Comics Ate My Brain

March 3, 2006

Quick Thoughts On Batman Annual #25

Filed under: batman — Tom Bondurant @ 1:50 am
Last week, after reading Batman #650, I thought that the “Red Hood” storyline suffered by association with Infinite Crisis. To that point I had enjoyed both, but both were (no pun intended) worlds apart in terms of tone. The Big Event moment came out of left field, introducing an element of cosmic hoodoo into a tale which acknowledged the larger DC universe but wasn’t affected significantly by it. However, the crossover stuff wasn’t that prevalent, and I went into Batman Annual #25 wondering how integral it would be to the return of Jason Todd.

SPOILERS FOLLOW for Batman Annual #25:






The Annual confirms that the re-animatory spark was a kind of all-purpose Get Out Of Jail Free card, courtesy of Infinite Crisis. Writer Judd Winick linked it to Superboy’s pounding on the walls of netherversal reality, but it might just as well have been a tap on the forehead from the Blue Fairy.
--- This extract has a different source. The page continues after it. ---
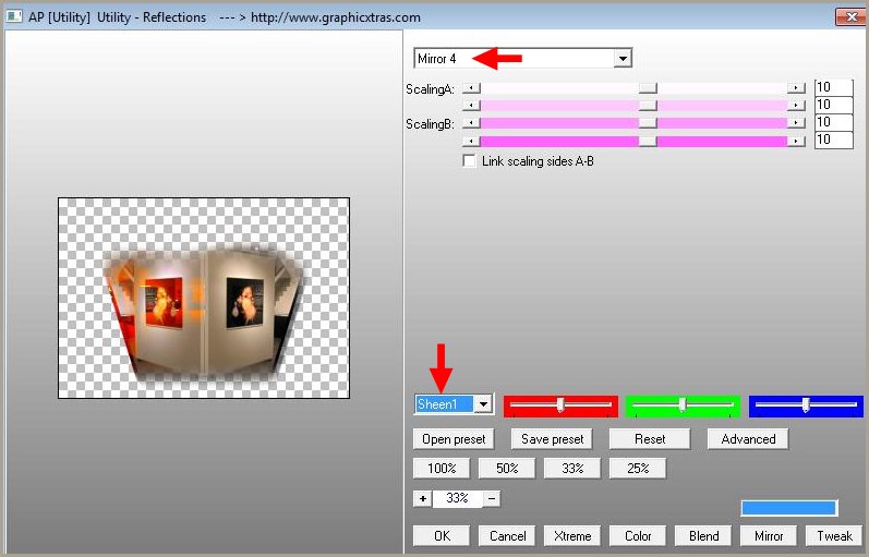 11 - Effets/ Filtre AP [Utility] Reflections / réglages suivants : Mirror 4 - Sheen1

Admittedly, the Batman titles have historically been in something of a bind when it comes to cosmic themes. The books pride themselves on not getting too far from the plausible, but they have to exist side-by-side with characters who travel through space and time at will. Despite conventional wisdom which holds that Batman could single-handedly neutralize most of the Justice League, any incursion of the science-fictional into a “regular” Batman story will likely be greeted with skepticism. Batman’s “sci-fi closet,” postulated by Grant Morrison in the context of a Justice League story, was arguably one of the more daring departures of recent years. However, given the strategic thinker into whom Batman had evolved, he would have been stupid not to have such an arsenal.

Therefore, on one hand it is similarly practical to have Infinite Crisis facilitate Jason’s return. In the larger scheme of things, it’s just as good a mechanism as any other, and probably no less convoluted to explain.
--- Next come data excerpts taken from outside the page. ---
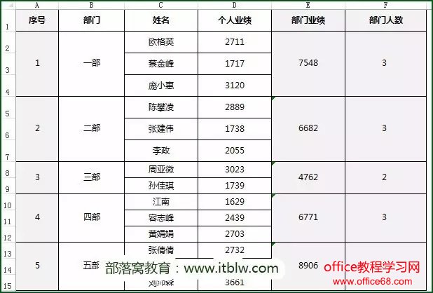Excel合并单元格真的很麻烦,是数据处理大忌。接着我们要统计部门业绩。
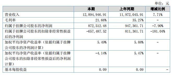 報(bào)告期內(nèi),公司實(shí)現(xiàn)營(yíng)業(yè)收入為1,289.49萬(wàn)元,較上年同期1,197.20萬(wàn)元增長(zhǎng)7.71%,營(yíng)業(yè)成本為1,010.23萬(wàn)元,較上年同期774.99萬(wàn)元增長(zhǎng)30.35%。歸屬于掛牌公司的凈利潤(rùn)為87.25萬(wàn)元,較上年同期94.74萬(wàn)元下降7.90%。主要原因?yàn)楸酒诙嗑Ч鑱?lái)料加工銷(xiāo)量為929.68噸,自營(yíng)多晶硅銷(xiāo)量為118.09噸,上年同期多晶硅來(lái)料加工銷(xiāo)量為1383.18噸,自營(yíng)多晶硅銷(xiāo)量為59.02噸,營(yíng)業(yè)成本構(gòu)成中多晶硅材料增加所致。?
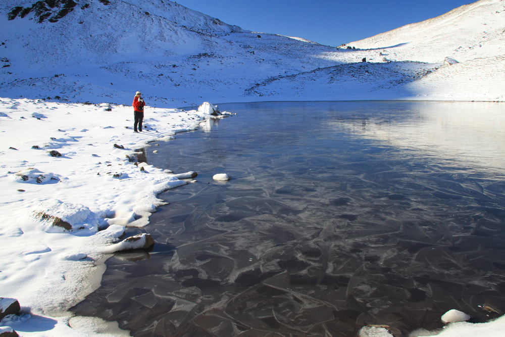 Зашли на маленькое озерцо. Оно было замерзшим, но не заснеженным.

Still, though, it feels like a cheat, given that Infinite Crisis had played such a small role in the story. Winick had already used a number of more traditional superheroic elements in his Batman issues, including Amazo, the android with all the powers of the Justice League. Working a similar established plot device into the story would have drawn both on Batman’s history in the larger DC universe, and would have felt more organic than the almost-literal bolt from the blue Infinite Crisis provided. Heck, Amazo himself could have used Zatanna’s powers to re-animate Jason.
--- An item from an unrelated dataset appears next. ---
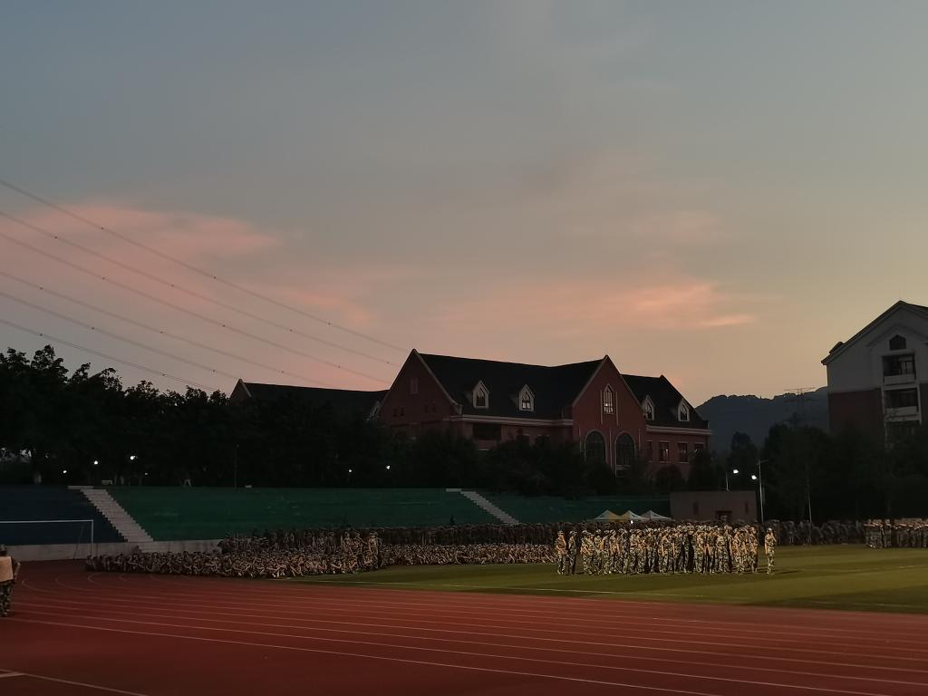 霞彩的朵飘在蓝蓝的天空中点缀,时而滚作一团团棉絮,时而化作长长的绫罗,像一缎轻纱,被夏风徐徐吹送,忽然散开,飘飘上升,溶进又深又蓝的天空。霞光奔泻的云海,像是远在天边,又似近在咫尺轻拢慢涌,铺排相接变化多姿的云朵总是引发起无数美好的遐想,也不失为辛苦训练时让人放松的可爱趣物。在这样的好天气下,同学们积极参与训练的热情也随之高涨,步履整齐,拳脚有力,军姿飒爽,好一副少年模样!

In a way this situation reverses the equities of previous comfort-zone-busting story arcs like “Knightfall” and “No Man’s Land.” In both of those arcs, the main problem suggested a quick solution via one or more of DC’s ultra-powerful characters. Zatanna or Dr. Fate could have repaired Bruce’s broken back, and a crew of superheroes could have rebuilt Gotham like they rebuilt Metropolis a few years before.

Both of those arcs therefore illustrate the need for the key to the mystery to be planted within the story itself. In the inevitable comparison with its Captain America counterpart “The Winter Soldier,” “Under the Hood” will surely come up short for having to go outside its own boundaries. (The Cap story didn’t depend on House of M to bring Bucky back, and even eschewed the Cosmic Cube as a possible explanation.) The fact that most of “Under the Hood” was handled well makes the big revelation of Batman Annual #25 harder to take.